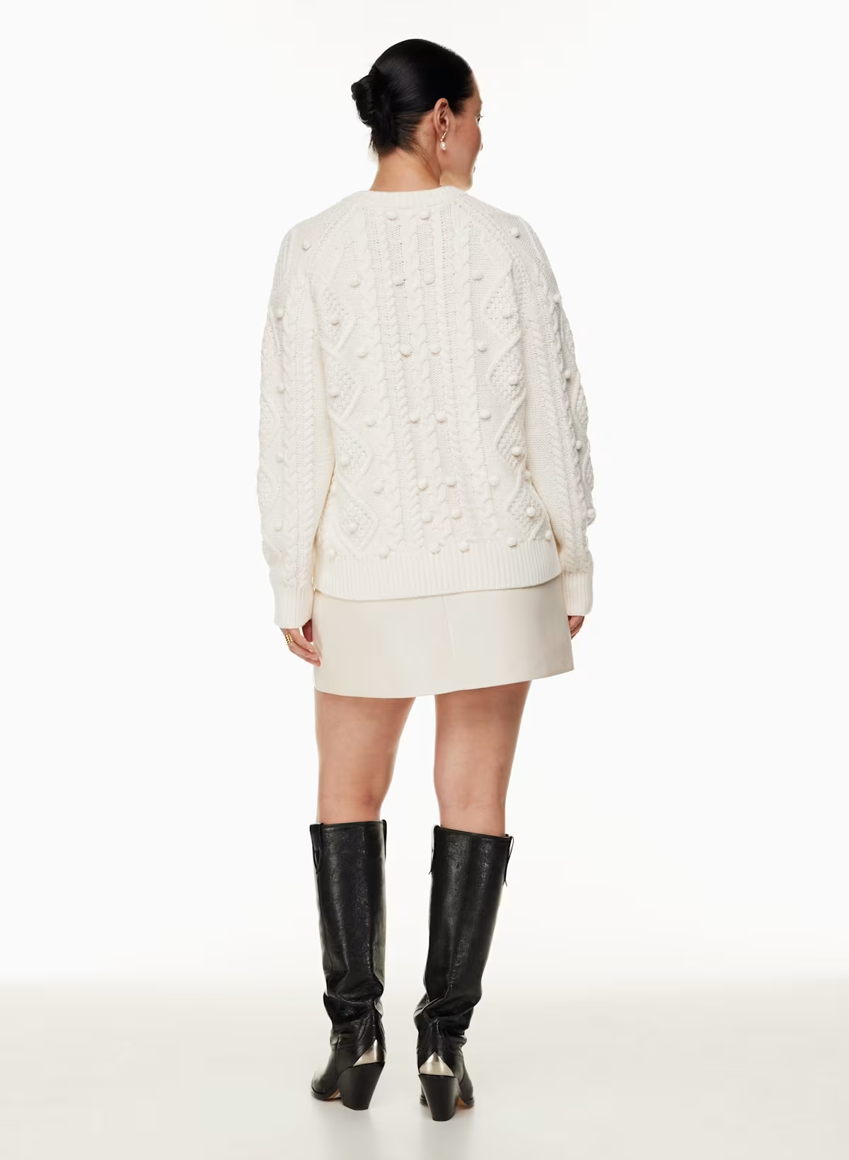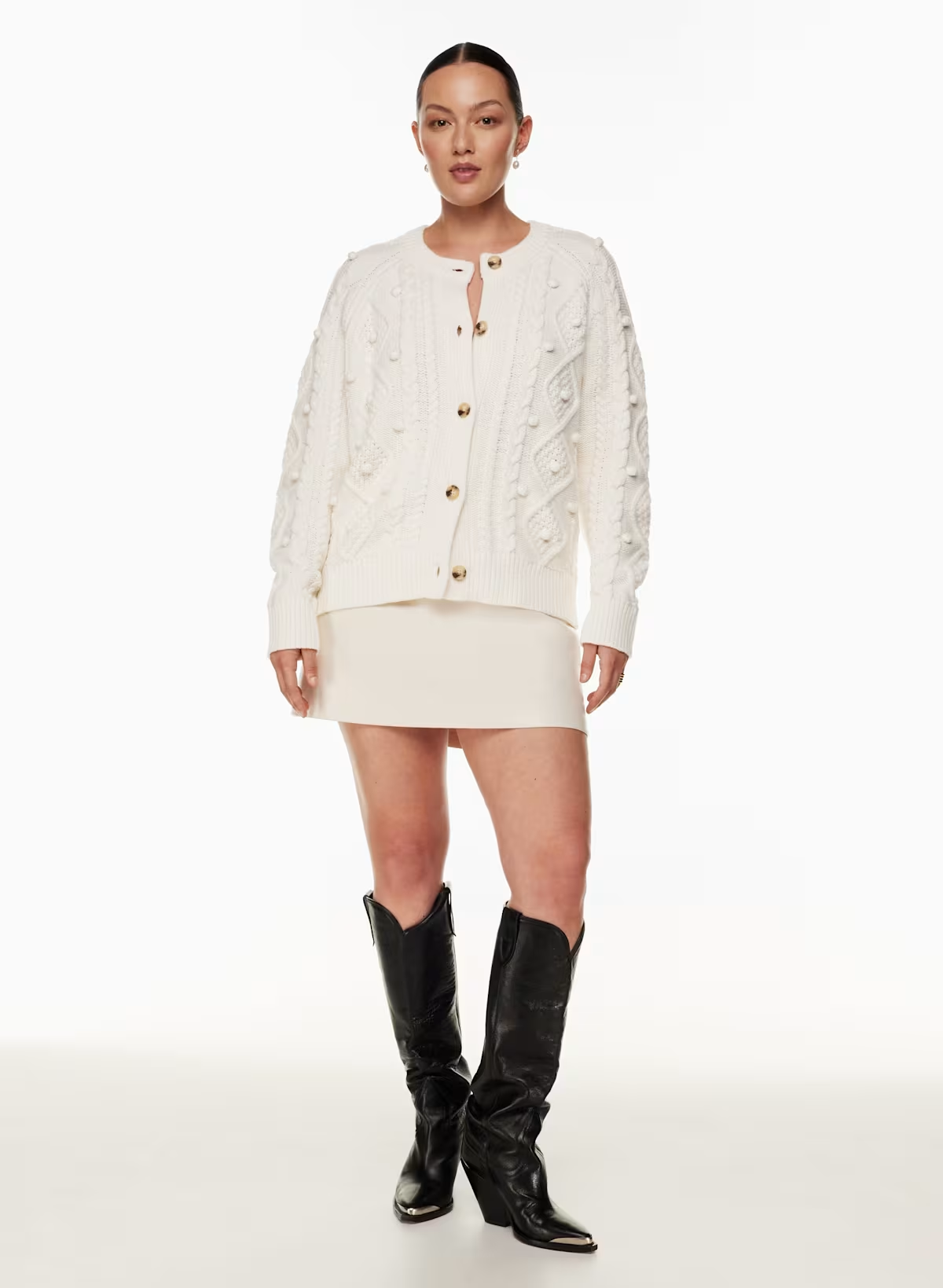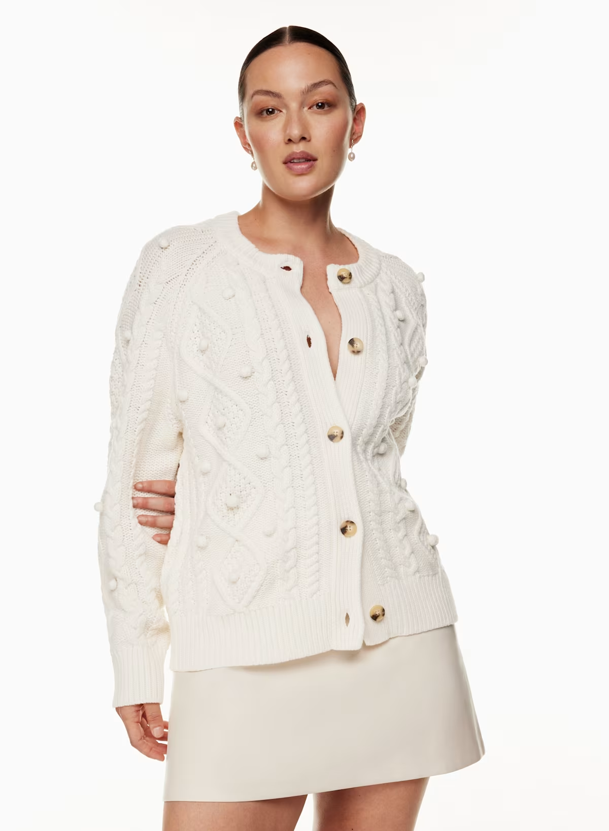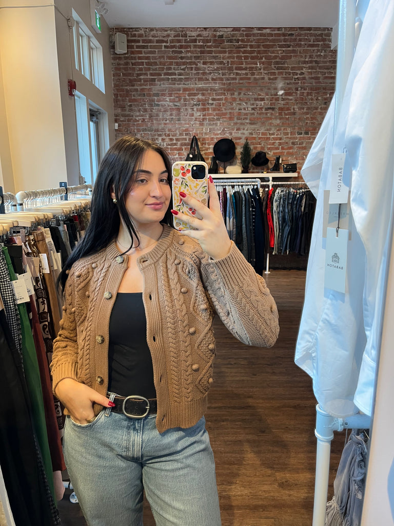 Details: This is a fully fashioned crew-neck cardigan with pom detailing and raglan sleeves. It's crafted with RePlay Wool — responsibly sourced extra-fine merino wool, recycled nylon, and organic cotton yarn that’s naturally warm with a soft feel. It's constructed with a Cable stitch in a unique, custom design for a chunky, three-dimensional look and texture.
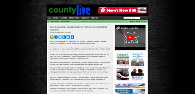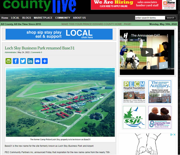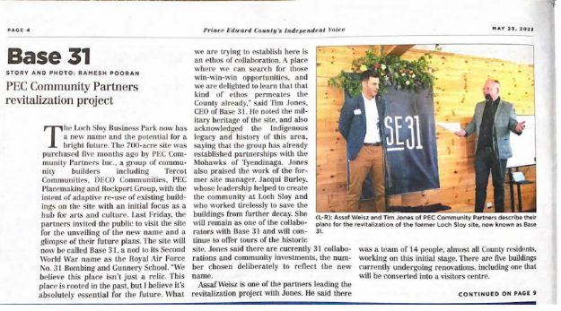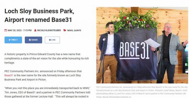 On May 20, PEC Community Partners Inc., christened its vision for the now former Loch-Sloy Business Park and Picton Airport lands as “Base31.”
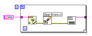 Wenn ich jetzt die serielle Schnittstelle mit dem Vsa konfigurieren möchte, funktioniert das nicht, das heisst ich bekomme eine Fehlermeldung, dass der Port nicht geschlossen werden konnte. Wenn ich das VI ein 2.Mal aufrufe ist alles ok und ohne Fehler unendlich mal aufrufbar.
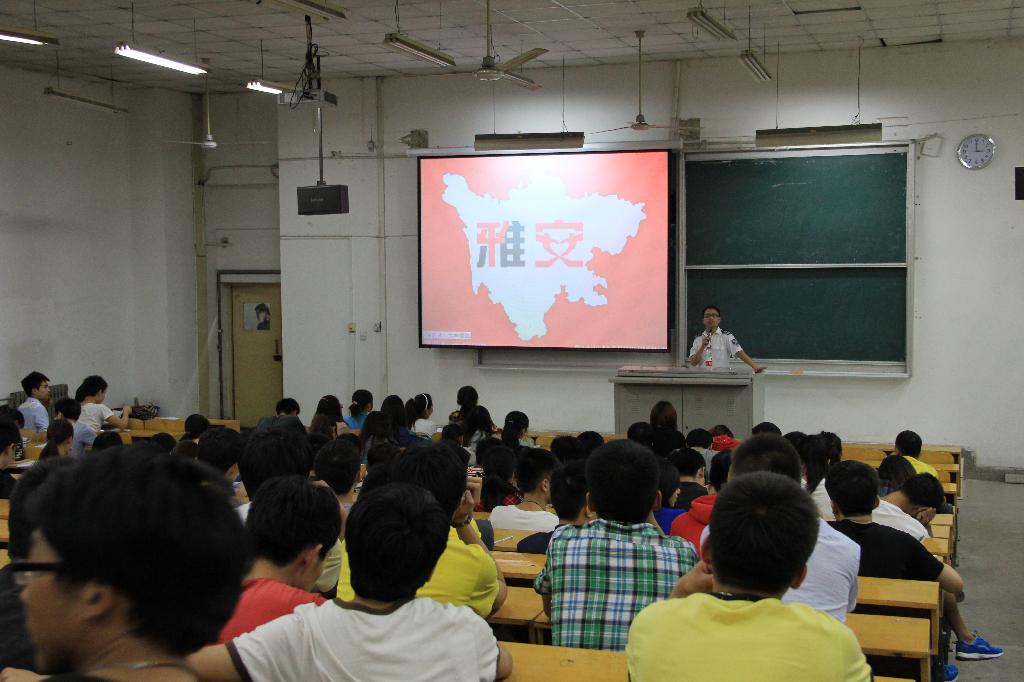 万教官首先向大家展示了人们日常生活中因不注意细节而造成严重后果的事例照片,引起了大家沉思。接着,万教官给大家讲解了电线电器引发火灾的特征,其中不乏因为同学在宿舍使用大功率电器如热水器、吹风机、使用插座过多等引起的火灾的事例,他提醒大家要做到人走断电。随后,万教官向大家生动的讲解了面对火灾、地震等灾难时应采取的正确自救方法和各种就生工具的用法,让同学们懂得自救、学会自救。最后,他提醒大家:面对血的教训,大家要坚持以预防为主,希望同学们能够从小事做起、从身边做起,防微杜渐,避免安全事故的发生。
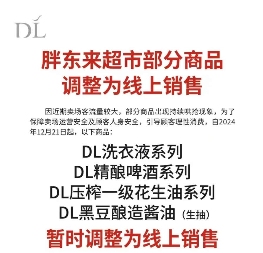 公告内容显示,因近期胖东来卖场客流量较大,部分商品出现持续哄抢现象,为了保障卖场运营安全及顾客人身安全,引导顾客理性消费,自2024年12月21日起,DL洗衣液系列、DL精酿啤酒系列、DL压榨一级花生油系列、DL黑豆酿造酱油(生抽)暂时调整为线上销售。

# Task instructions
Please write out the lines above, beginning at the line with "Wenn ich jetzt" and ending at the last line of the records, exactly as they appear and without pictures.

# Written answer
 Wenn ich jetzt die serielle Schnittstelle mit dem Vsa konfigurieren möchte, funktioniert das nicht, das heisst ich bekomme eine Fehlermeldung, dass der Port nicht geschlossen werden konnte. Wenn ich das VI ein 2.Mal aufrufe ist alles ok und ohne Fehler unendlich mal aufrufbar.
 万教官首先向大家展示了人们日常生活中因不注意细节而造成严重后果的事例照片,引起了大家沉思。接着,万教官给大家讲解了电线电器引发火灾的特征,其中不乏因为同学在宿舍使用大功率电器如热水器、吹风机、使用插座过多等引起的火灾的事例,他提醒大家要做到人走断电。随后,万教官向大家生动的讲解了面对火灾、地震等灾难时应采取的正确自救方法和各种就生工具的用法,让同学们懂得自救、学会自救。最后,他提醒大家:面对血的教训,大家要坚持以预防为主,希望同学们能够从小事做起、从身边做起,防微杜渐,避免安全事故的发生。
 公告内容显示,因近期胖东来卖场客流量较大,部分商品出现持续哄抢现象,为了保障卖场运营安全及顾客人身安全,引导顾客理性消费,自2024年12月21日起,DL洗衣液系列、DL精酿啤酒系列、DL压榨一级花生油系列、DL黑豆酿造酱油(生抽)暂时调整为线上销售。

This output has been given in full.